Against the backdrop of the ghastly catastrophe unfolding in Japan, I have been marking this week a huge date in my calendar – the moment 40 years ago when I understood the much tinier but nevertheless devastating catastrophe which had befallen me.
On the Ides of March 1971 (15.3.71), I looked in a mirror for the first time after my accident 3 months previously – and from knowing myself as a good-looking 18-year-old guy with prospects, I came face-to-face with a disaster area which, it was very hard not to think, could only hold a very tarnished and unhappy self.
The photo tells only a part of the story because (a) it is black-and-white, and (b) it was taken two months after my day of reckoning when my face was still bloody scabs, vivid redness, and ghastly distortion.
Look carefully and you may see the tell-tale signs of doubt, grief and pessimism – I felt all of these as I scanned across that face and I just could not imagine how I could ever get my life back – any kind of life, frankly…

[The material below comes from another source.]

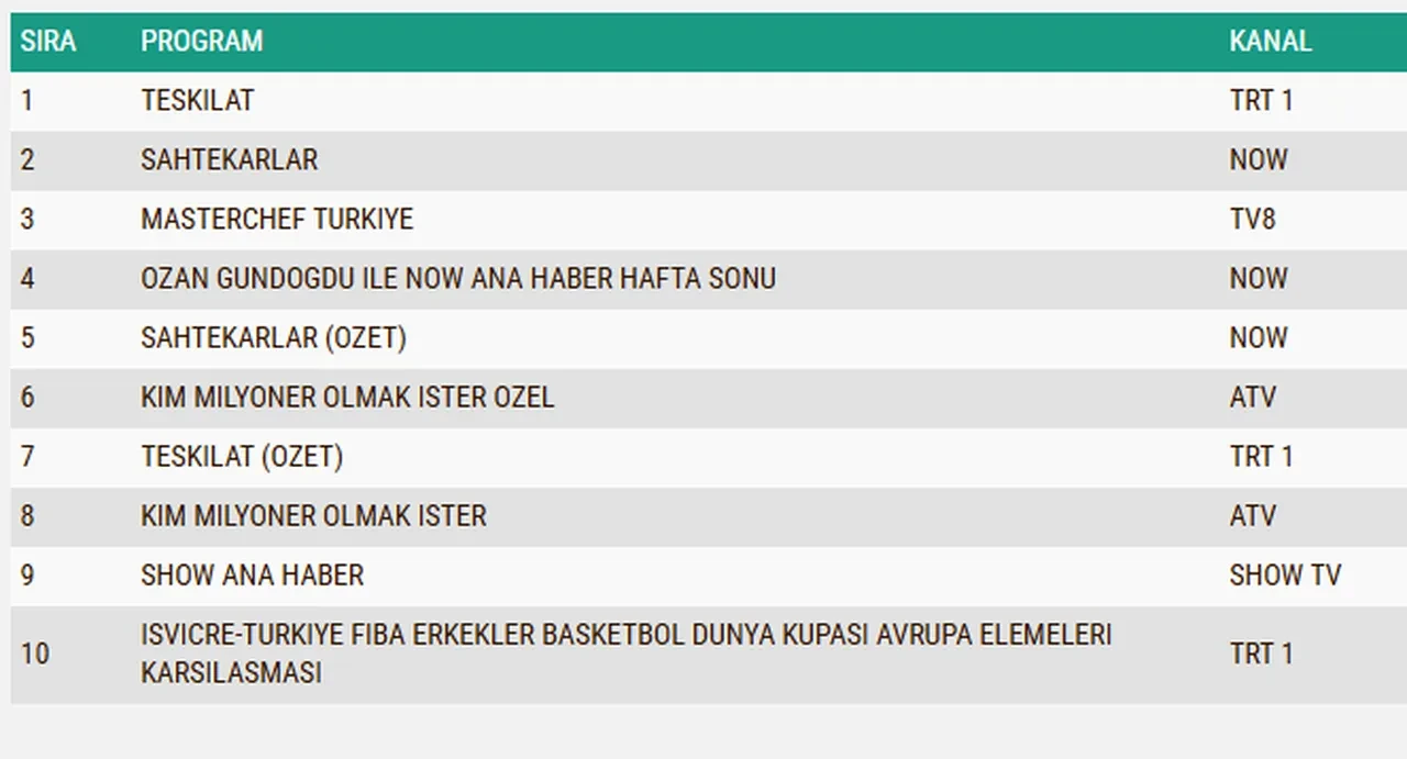 30 Kasım Pazar akşamı Show TV’de Bereketli Topraklar, Star TV’de Çarpıntı, Now TV’de Sahtekarlar, TRT1’de ise Teşkilat dizilerinin yeni bölümleri yayınlandı. Ancak TRT1’de Teşkilat dizisinden hemen önce Türkiye İsviçre basketbol maçı milyonları ekran başına topladı. Devasa bütçelerle hazırlanan dizilerin ekran yolculuğuna devam edip etmeyeceğini belirleyen en büyük unsurlardan olan reyting sonuçları ise günün ilk saatleri itibariyle beklenmeye başlandı…

Five years of brilliant 1970s surgery created the face I now wear with pride but it was what went on outside hospital as I struggled to become a fully-included citizen and not an outsider, a horror-movie villain nor a just a lifelong patient, that really counted for me
I have also been touched this week, as I suspect many have been, by Katie Piper’s recovery story from her acid attack – and this will probably grow as her TV series rolls out over the next few weeks. She is admirably showing others with burns, perhaps less severe than hers – and indeed those with other facial conditions – that a good future can happen.
And she’s also doing what Simon Weston’s TV story did so well in the 1980s – raising public consciousness of what it’s like to have a facial disfigurement. I salute her.
My role models in the 70s were Battle of Britain fighter pilots, the ‘Guinea Pigs’ of McIndoe’s making. How I would have loved a Katie figure!
I wish her well too with her fund-raising for the new rehabilitation clinic modelled on the one she attended in France with full-on hydrotherapy, scar massaging and much else plus, of course, an atmosphere of acceptance and restoration for the burns survivors who attend it. And I look forward to working out how Changing Faces can support and work with her and her team.
What lessons are there from all this, 40 years on?
First, I discovered – and Katie’s quiet praise for her psychologist confirms she has too – that adjusting to living with a facial or body disfigurement of any sort, whether from birth, trauma, cancer, paralysis or skin condition requires a whole raft of support and help. I had no psychologist and I hugely admire Katie’s but there are very few in NHS settings supporting with patients with disfigurements outside the burn care and cleft lip and palate services.
So the psycho-social help and empowerment which Changing Faces provides and advocates for to be routinely provided in the NHS is just as important – some would say, even more important than – the vital reconstructive surgery and physical therapies people need.
Much of my work over the last 19 years with Changing Faces has been dedicated to creating a psycho-social package that is as effective as it possibly can be.
There is much more on our website about what we offer but in a nutshell, that package enables people who are unhappy with the way they look to find sensitive, constructive, practical help.
So if they feel as if they have no control over their condition and its treatment, we help them to ask the right questions and get control.
If they cannot see any future, no chance of a relationship or a good job, we help them challenge those beliefs and meet others who have found happiness and success – it is possible.
If they want to express and resolve their feelings of sadness, grief, loss of identity and sexuality, we give them that chance.
If they want to meet others who are going through similar challenges, we arrange workshops and events…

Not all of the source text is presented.